[Source data]
⁂

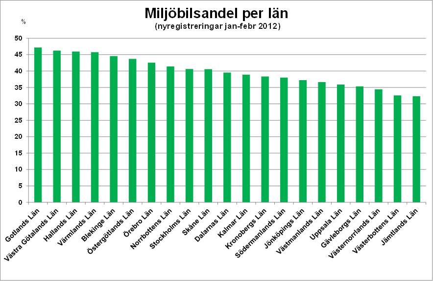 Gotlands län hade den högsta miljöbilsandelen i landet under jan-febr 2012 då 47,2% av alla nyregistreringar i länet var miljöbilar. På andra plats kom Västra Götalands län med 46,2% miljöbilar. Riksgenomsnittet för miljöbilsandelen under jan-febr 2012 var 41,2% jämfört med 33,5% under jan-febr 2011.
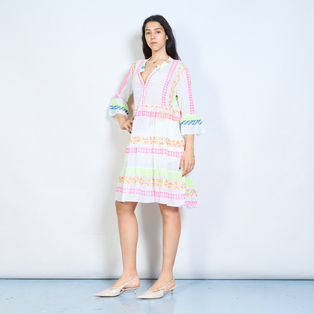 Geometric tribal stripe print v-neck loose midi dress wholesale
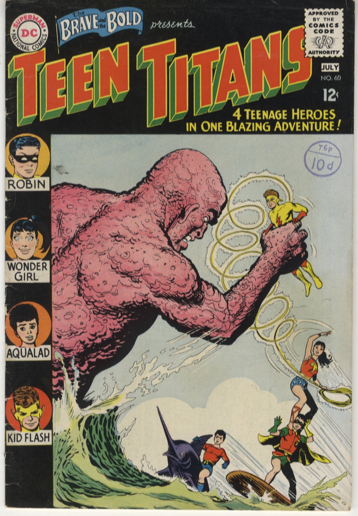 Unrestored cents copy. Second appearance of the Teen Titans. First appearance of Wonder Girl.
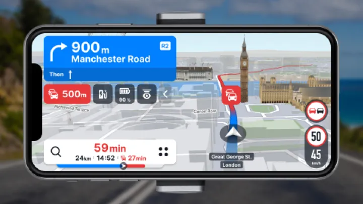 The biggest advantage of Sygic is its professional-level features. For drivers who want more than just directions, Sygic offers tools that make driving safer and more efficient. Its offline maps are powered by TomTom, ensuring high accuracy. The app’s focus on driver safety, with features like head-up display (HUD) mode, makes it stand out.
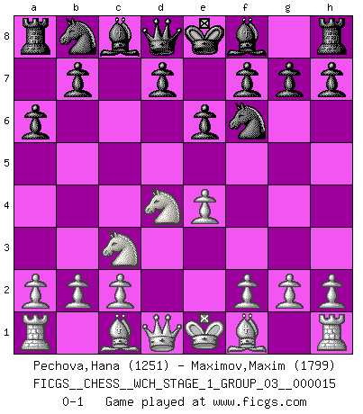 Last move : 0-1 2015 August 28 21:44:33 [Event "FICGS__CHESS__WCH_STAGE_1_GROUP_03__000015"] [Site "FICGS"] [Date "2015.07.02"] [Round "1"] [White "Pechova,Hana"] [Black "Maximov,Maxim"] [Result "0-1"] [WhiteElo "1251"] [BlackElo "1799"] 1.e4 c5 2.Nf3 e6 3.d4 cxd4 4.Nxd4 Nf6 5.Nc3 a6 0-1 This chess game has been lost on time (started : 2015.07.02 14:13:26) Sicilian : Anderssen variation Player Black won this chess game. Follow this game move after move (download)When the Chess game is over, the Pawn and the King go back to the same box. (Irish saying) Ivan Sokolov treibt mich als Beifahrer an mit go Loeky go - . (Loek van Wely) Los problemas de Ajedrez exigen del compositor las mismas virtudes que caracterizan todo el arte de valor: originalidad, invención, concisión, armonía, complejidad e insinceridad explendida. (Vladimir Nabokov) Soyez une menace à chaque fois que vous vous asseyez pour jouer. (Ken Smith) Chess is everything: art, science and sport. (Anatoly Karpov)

⁂

:: TASK DETAILS ::
Only the lines from the start of the records through the line containing "The biggest advantage" should be repeated, word for word, with the pictures left out.

:: OUTPUT FOR THIS EXERCISE ::
 Gotlands län hade den högsta miljöbilsandelen i landet under jan-febr 2012 då 47,2% av alla nyregistreringar i länet var miljöbilar. På andra plats kom Västra Götalands län med 46,2% miljöbilar. Riksgenomsnittet för miljöbilsandelen under jan-febr 2012 var 41,2% jämfört med 33,5% under jan-febr 2011.
 Geometric tribal stripe print v-neck loose midi dress wholesale
 Unrestored cents copy. Second appearance of the Teen Titans. First appearance of Wonder Girl.
 The biggest advantage of Sygic is its professional-level features. For drivers who want more than just directions, Sygic offers tools that make driving safer and more efficient. Its offline maps are powered by TomTom, ensuring high accuracy. The app’s focus on driver safety, with features like head-up display (HUD) mode, makes it stand out.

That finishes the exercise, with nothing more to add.